Aveva rese scarse ed una economia povera. C’era un ceto fondiario inglese protestante,
detestato dalla popolazione inglese cattolica, povera. Nell’800 nacque il desiderio di
indipendenza, costantemente soffocato. Questo portò gli Irlandesi a compiere atti
terroristici. Il primo ministro inglese presentò al Parlamento nel 1886 la Home Rule,
attraverso la quale voleva concedere agli irlandesi un margine di libertà più ampio in
campo amministrativo. Questa proposta non trovò il favore dei Lords. Persa questa
battaglia, riuscì soltanto a sottrarre certe materie politiche alla camera dei Lords.
RUSSIA
Era un grande paese, molto esteso ma che non aveva introdotto alcun sistema di
modernizzazione, di sviluppo. C’era un divario sociale notevole, un ceto aristocratico
sedentario. Agli inizi dell’800 non c’erano state alcune trasformazioni politiche.
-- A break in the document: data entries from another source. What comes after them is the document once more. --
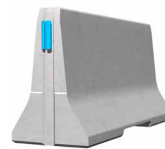
ECOBLOC 100_2 Standard element
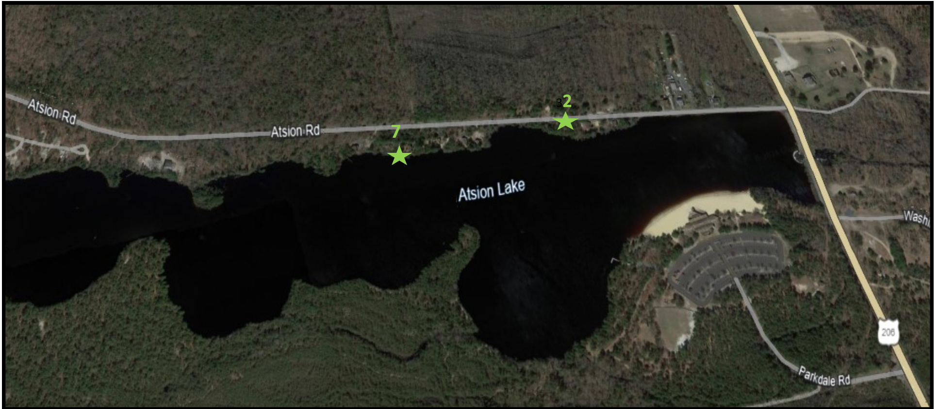
Project Site Map Wharton State Forest EXHIBIT 'B'
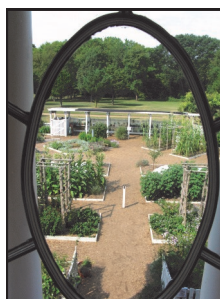
George Washington's Boyhood Home at Ferry Farm
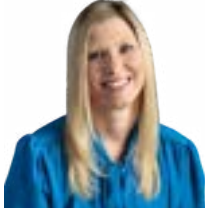
Chelesy Hanes Fike Corporation
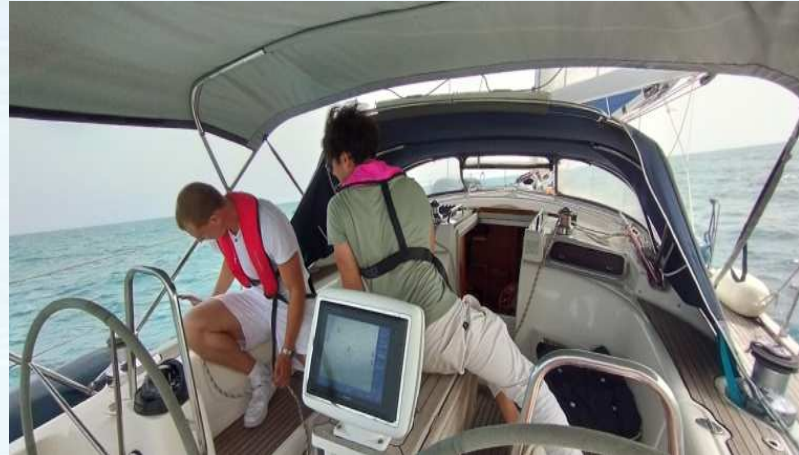
Manovertraining off the coast of Alicante
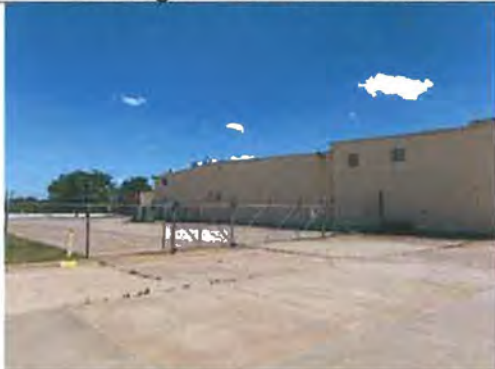
Building 1 North Elevation
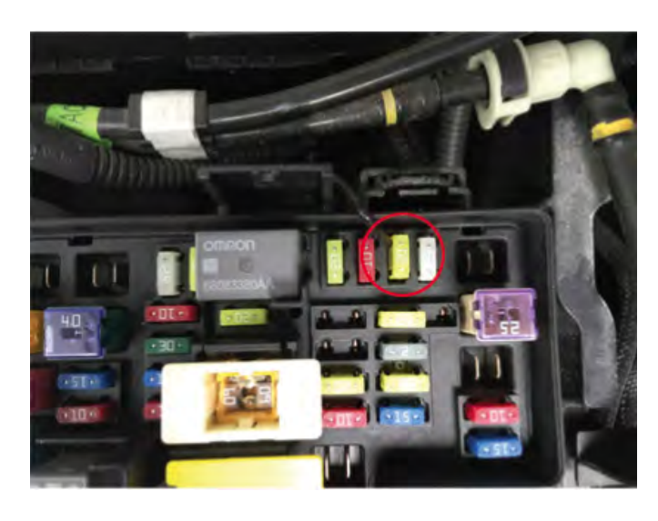
Tap the Red wire from the headlight into the 12v+ignition wire in the fuse box as seen above.
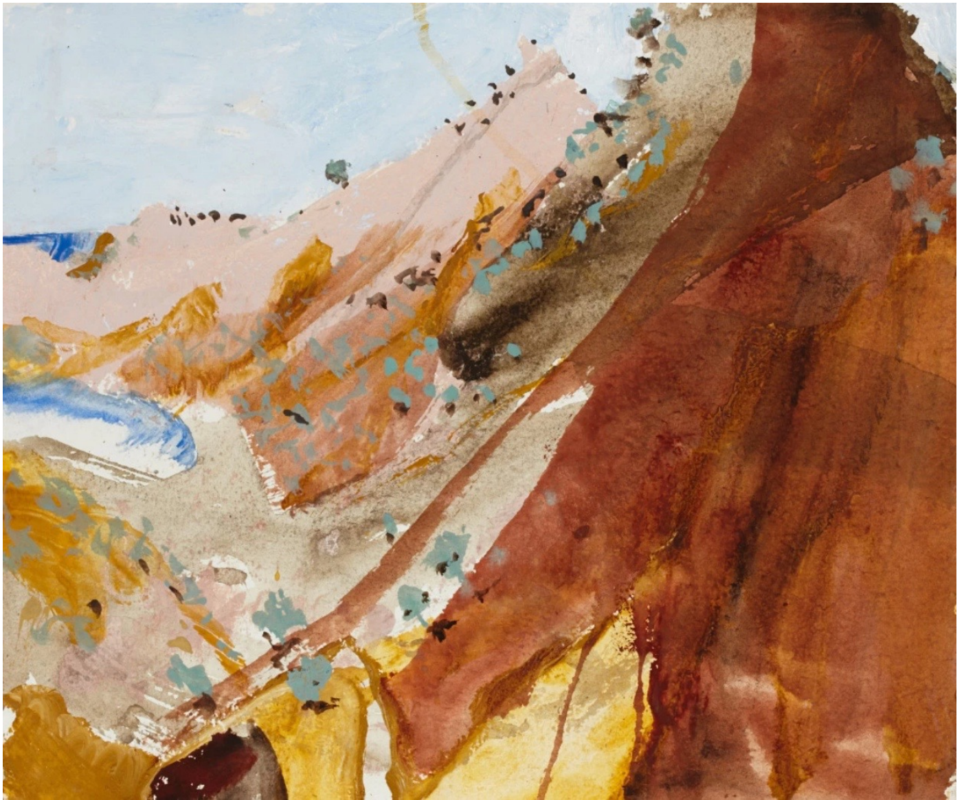
'Gallipoli Study 6, 2014, gouache and pastel on paper,
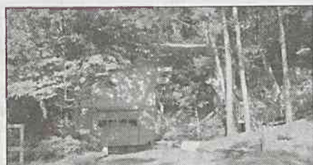
123 Mimosa Blvd. $329,000
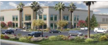
549,805 SF Waterman Dist. Center San Bernadino, CA
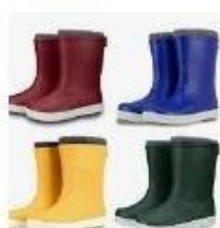
Wellies (kept in school) Water-proofs: jacket with hood or puddle-suit (kept in school if possible)
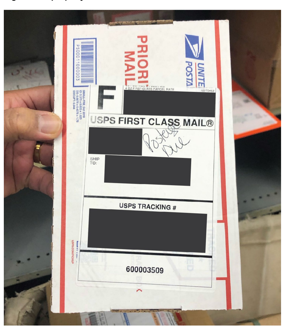
Source: U.S. Postal Service Office of the Inspector General (OIG) photo taken during a site visit to the downtown Charlotte Post Office on December 11, 2019.
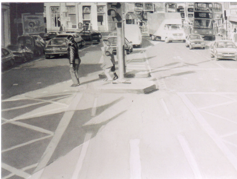
City Series 6. Ink on paper. 56.5 x 76 cm.
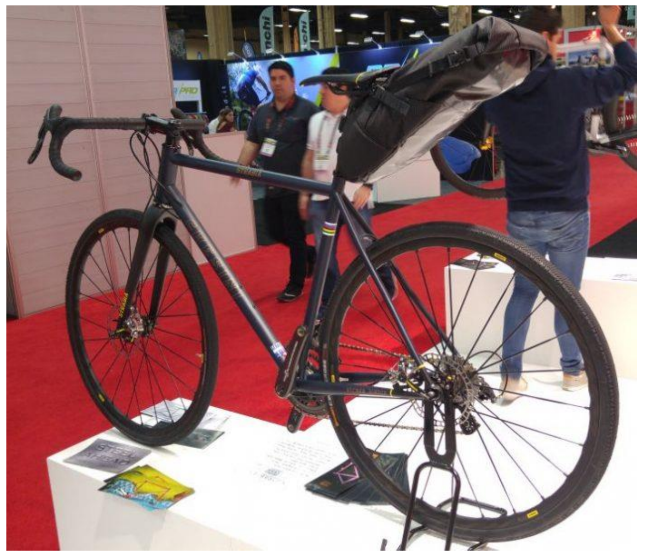
The Chesini Strabia 2.0 as pictured sans bag weighs 8.6 kilograms / 18.9lbs. Frame weight from 1840 grams. Priced at $US 2,220.00 / \in 1,980.00 for the frame, with the complete bike as pictured costing $US 4,370 / \in 3,870.00.
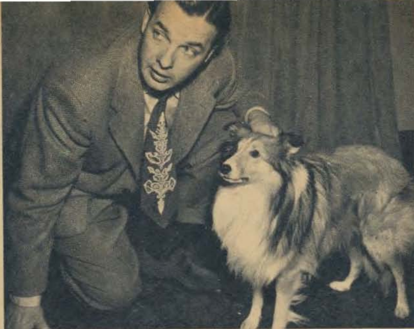
BOB CROSBY FOUND A NEW ADMIRER DURING ONE OF HIS RECENT REHEARSALS. SHETLAND SHEEPDOG DIDN'T ASK FOR AUTOGRAPH.

Where the day Edward "Mr. President" Arnold was served with papers in the divorce suit filed by his Missus, he was facing the cameras in a new movie called—yes, "Dear Wife" . . . Where an actor who is something of a hobbyist admitted that his favorite "collectors items" were just a few things like money . . . Where it's Sam Goldwyn who insists that "any man who bothers with a psychiatrist should
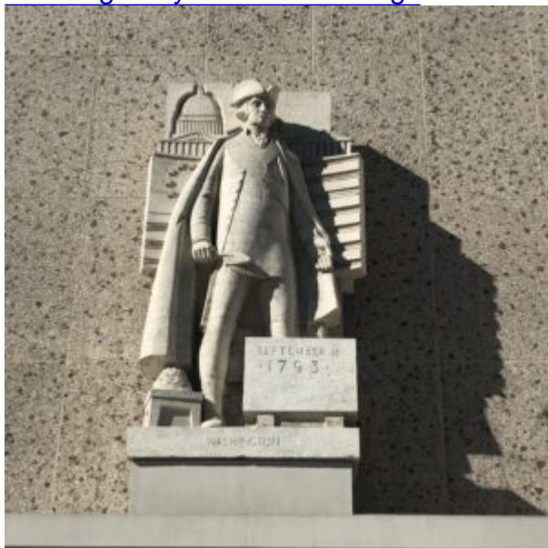
Why did I become a Freemason? BECAUSE GEORGE WASHINGTON WAS A MASON! November 14, 2021
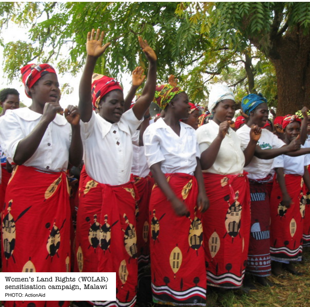
Women's Land Rights (WOLAR) sensitisation campaign, Malawi
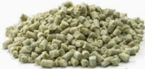
Photo may not be representative of a label-consistent bait placement.

Nel 1855 lo zar Alessandro aveva tentato di varare alcune riforme perché si rendeva conto
che la Russia non teneva il passo con l’Europa. Aveva tentato di rinnovare l’esercito, e nel
1861 abolì la servitù della gleba. Nonostante questo, le riforme erano ancora troppo
deboli. In Russia non c’era un parlamento, non c’era un sistema di rappresentanza, non
c’erano partiti.
STATI UNITI D’AMERICA
Gli USA erano un paese giovane, ben affermato e più modernizzato dell’Europa stessa.
L’agricoltura era molto fiorente grazie alla grande disponibilità, alle introduzioni tecniche e
alla manodopera schiavile. Il Nord-Est era fortemente industrializzato e stava iniziando a
portare avanti una strategia di commercio internazionale.
Gli USA si espansero in Ovest fino al Pacifico, a danno degli indios.
Nella seconda metà dell’800 ci furono molte riforme sociali e ambientali e molte attenzioni
verso l’ecologia.
GIAPPONE
Il Giappone si modernizzò e iniziò ad entrare in relazione con le altre potenze. Sotto
l’impero dello shogun il Giappone si era isolato, mentre si aprì sul panorama internazionale
nell’800, con l’ascesa di una classe dirigente innovativa e imprenditoriale che rinnovò
l’economia e mutò il sistema feudale in un sistema circoscrizionale. Si sancì l’uguaglianza
giuridica, si creò un esercito nazionale, si riformò la scuola e si implementò l’industria.
Si ebbe un piano di evoluzione tecnologico e tecnico parallelamente alla conservazione dei
valori tradizionale.
Tale rivoluzione fu imposta dall’alto, dai ceti dirigenti.
C’era comunque un divario tra ceto dirigente e popolazione.